Work task => Write an exact copy of the entries below that leaves out all pictures.

Input data =>
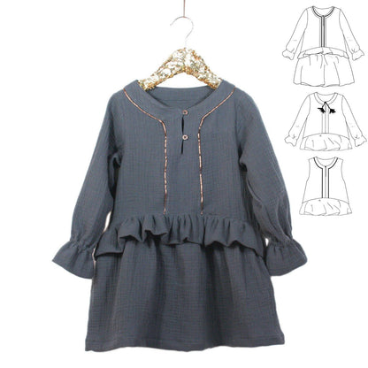 Lilas Blouse, Top & Dress Sewing Pattern - Girl 3/12Y - IkateeIKATEE-L-3/12
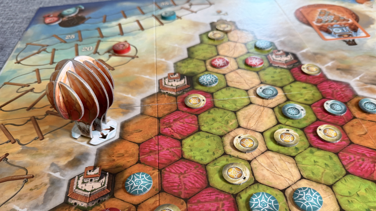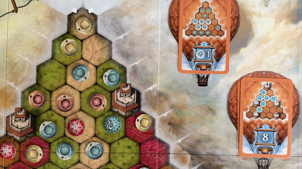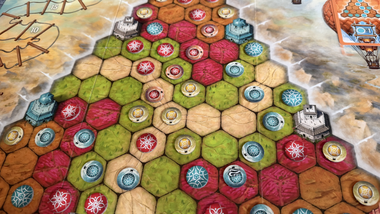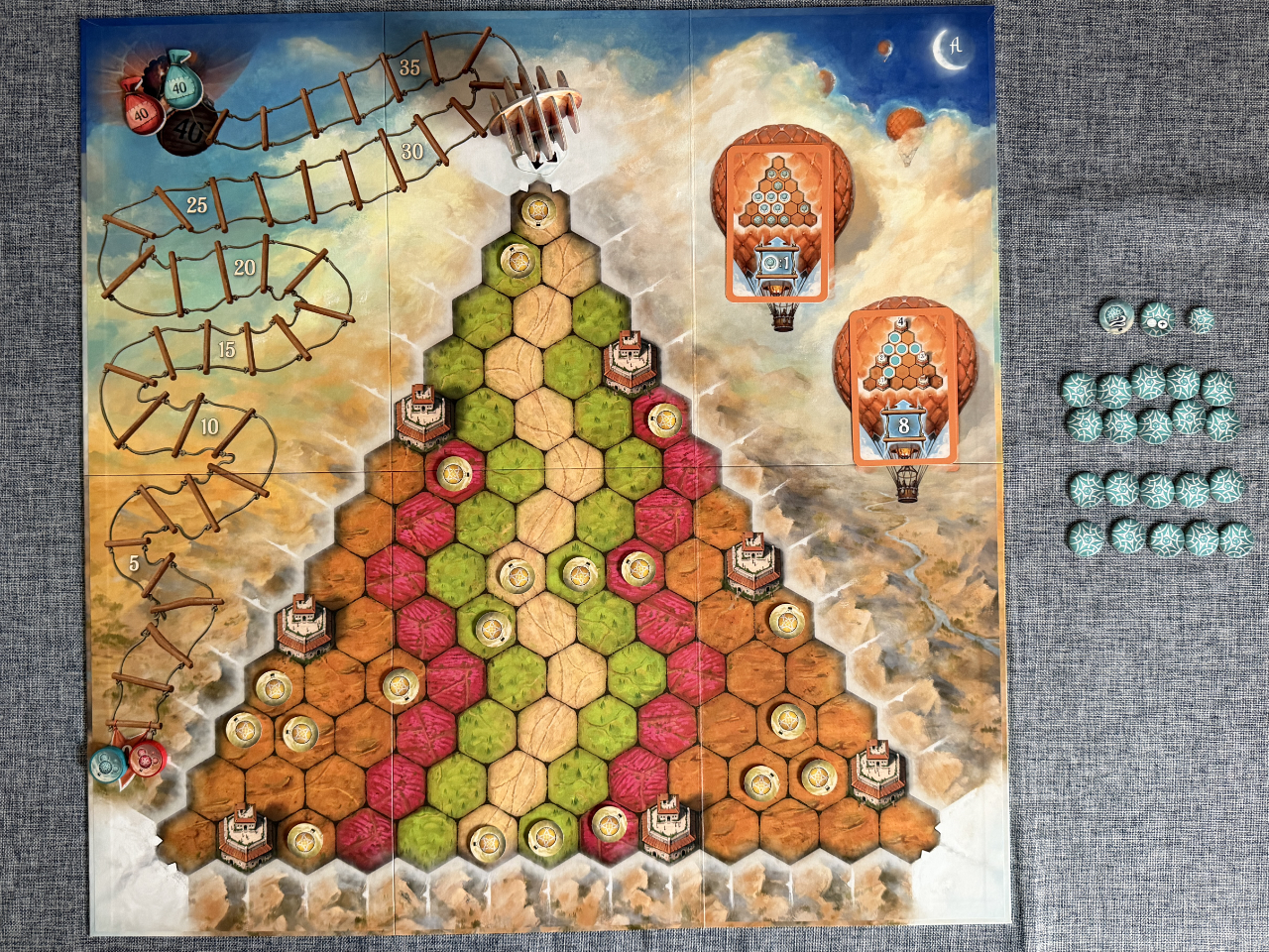 Ist man an der Reihe würfelt man, um den Heißluftballon weiterzuziehen und somit die beiden Geraden zu ermitteln, in denen man einen seiner eigenen Ballons platzieren kann. Habe ich eine ausreichende Anzahl benachbarter eigenen Ballons, kann ich
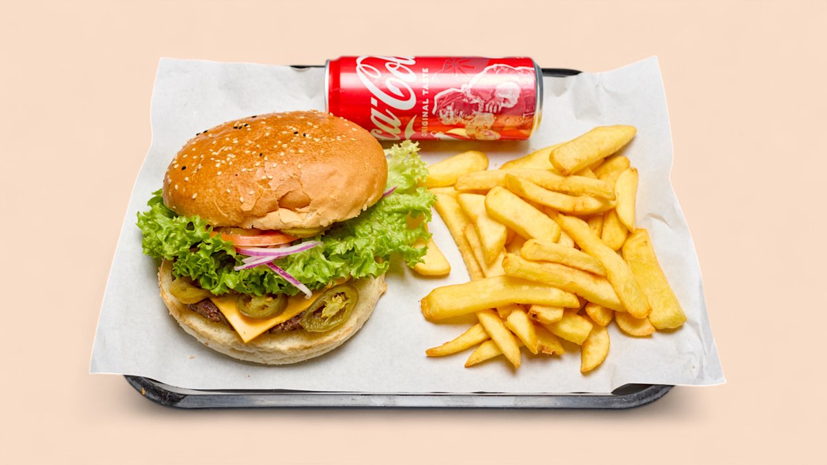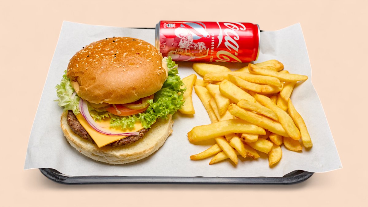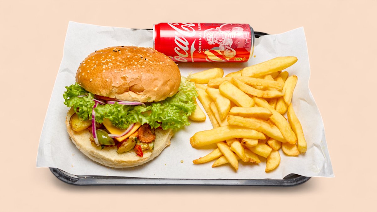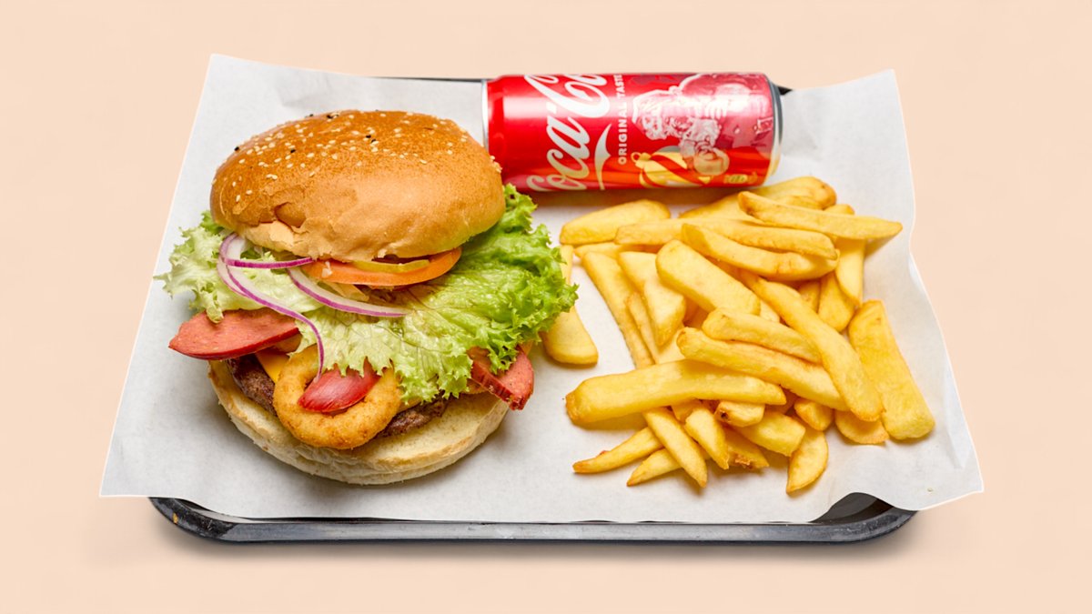 all menus are served with French fries, a sauce and a 0.33l non-alcoholic drink of your choice
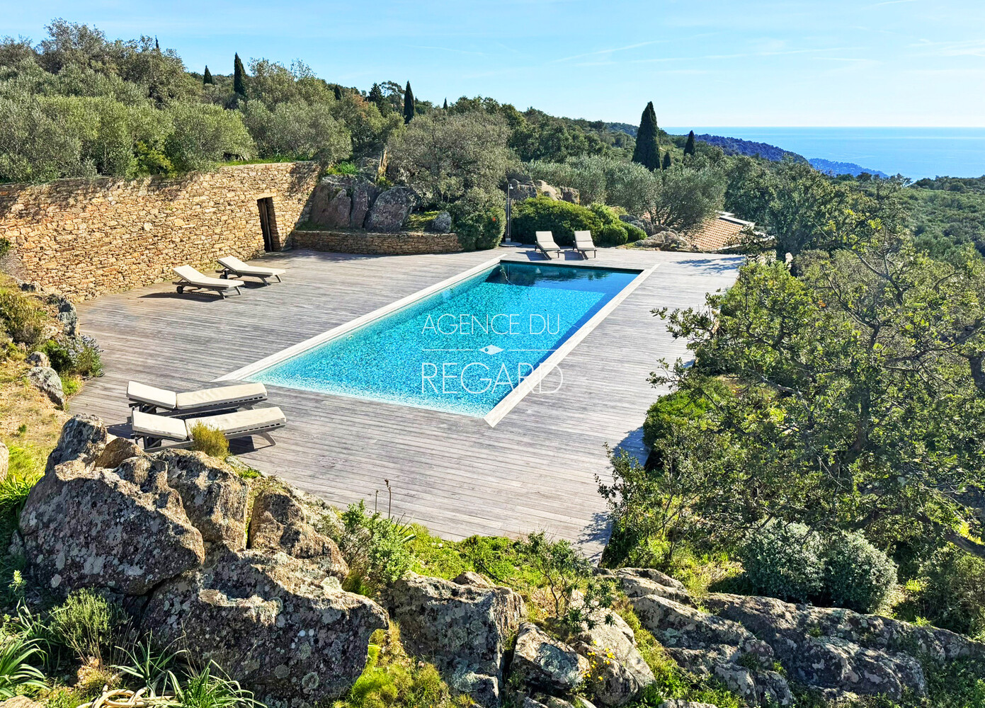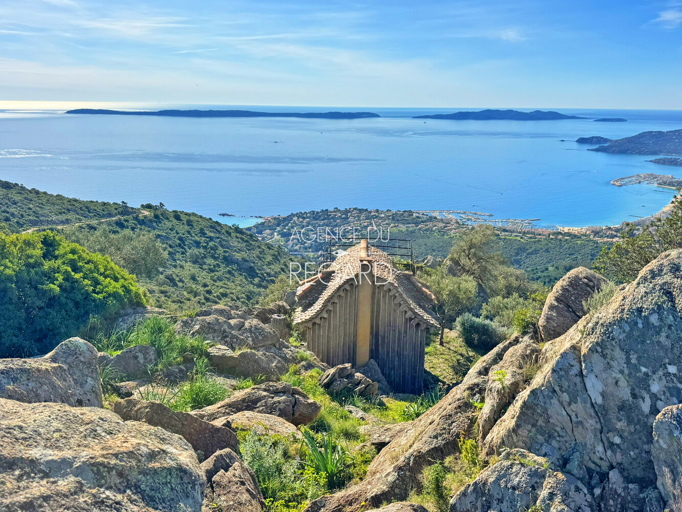 Exclusivity ! Located on the Route des Crêtes between Bormes-les-Mimosas and Le Lavandou, this exceptional 11-hectare property, nestled in the countryside, boasts breathtaking panoramic sea views. The sea view stretches from the Giens peninsula to Rayol-Canadel, taking in the Îles d'Or along the way. A villa, a guest house, and a cabin, all fully renovated, offer 300sqm of living space and a total of 7 bedrooms. A pool area also enjoys this incredible sea view.
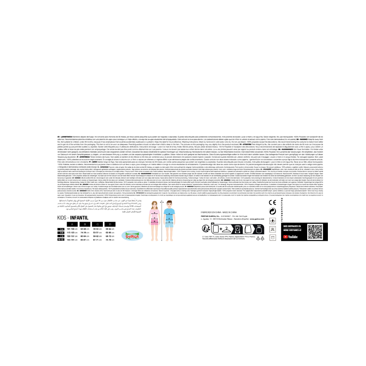 - Talla: Talla 7-9 años; altura (129-137 cm), pecho (80-84 cm), cintura (58-62cm) y cadera (68-72 cm).
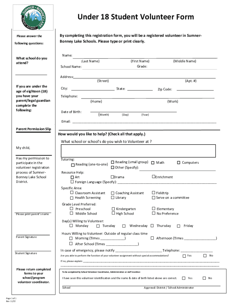 Under 18 Student Volunteer Form By completing this registration form, you will be a registered volunteer in SumnerBonney Lake Schools. Please type or print clearly.Please answer the following questions:Name:What
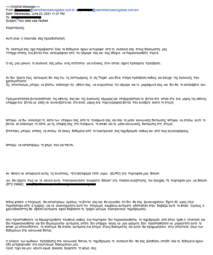 Στη συνέχεια, οι δράστες αναφέρουν ότι το κακόβουλο λογισμικό συνέλεξε όλες τις επαφές του χρήστη από τα μέσα κοινωνικής δικτύωσης και τον προσωπικό του λογαριασμό ηλεκτρονικού ταχυδρομείου, και με εκβιαστική τακτική απαιτούν από το θύμα να καταθέσει σε ψηφιακό πορτοφόλι, με την μορφή κρυπτονομίσματος, χρηματικό ποσό χιλίων ευρώ ή και μεγαλύτερο, εντός δύο εργάσιμων ημερών.
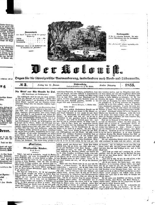 Der Kolonist : Organ zum Schutze, Beistand und Belehrung schweizerischer Auswanderer

Written answer =>
 Lilas Blouse, Top & Dress Sewing Pattern - Girl 3/12Y - IkateeIKATEE-L-3/12
 Ist man an der Reihe würfelt man, um den Heißluftballon weiterzuziehen und somit die beiden Geraden zu ermitteln, in denen man einen seiner eigenen Ballons platzieren kann. Habe ich eine ausreichende Anzahl benachbarter eigenen Ballons, kann ich
 all menus are served with French fries, a sauce and a 0.33l non-alcoholic drink of your choice
 Exclusivity ! Located on the Route des Crêtes between Bormes-les-Mimosas and Le Lavandou, this exceptional 11-hectare property, nestled in the countryside, boasts breathtaking panoramic sea views. The sea view stretches from the Giens peninsula to Rayol-Canadel, taking in the Îles d'Or along the way. A villa, a guest house, and a cabin, all fully renovated, offer 300sqm of living space and a total of 7 bedrooms. A pool area also enjoys this incredible sea view.
 - Talla: Talla 7-9 años; altura (129-137 cm), pecho (80-84 cm), cintura (58-62cm) y cadera (68-72 cm).
 Under 18 Student Volunteer Form By completing this registration form, you will be a registered volunteer in SumnerBonney Lake Schools. Please type or print clearly.Please answer the following questions:Name:What
 Στη συνέχεια, οι δράστες αναφέρουν ότι το κακόβουλο λογισμικό συνέλεξε όλες τις επαφές του χρήστη από τα μέσα κοινωνικής δικτύωσης και τον προσωπικό του λογαριασμό ηλεκτρονικού ταχυδρομείου, και με εκβιαστική τακτική απαιτούν από το θύμα να καταθέσει σε ψηφιακό πορτοφόλι, με την μορφή κρυπτονομίσματος, χρηματικό ποσό χιλίων ευρώ ή και μεγαλύτερο, εντός δύο εργάσιμων ημερών.
 Der Kolonist : Organ zum Schutze, Beistand und Belehrung schweizerischer Auswanderer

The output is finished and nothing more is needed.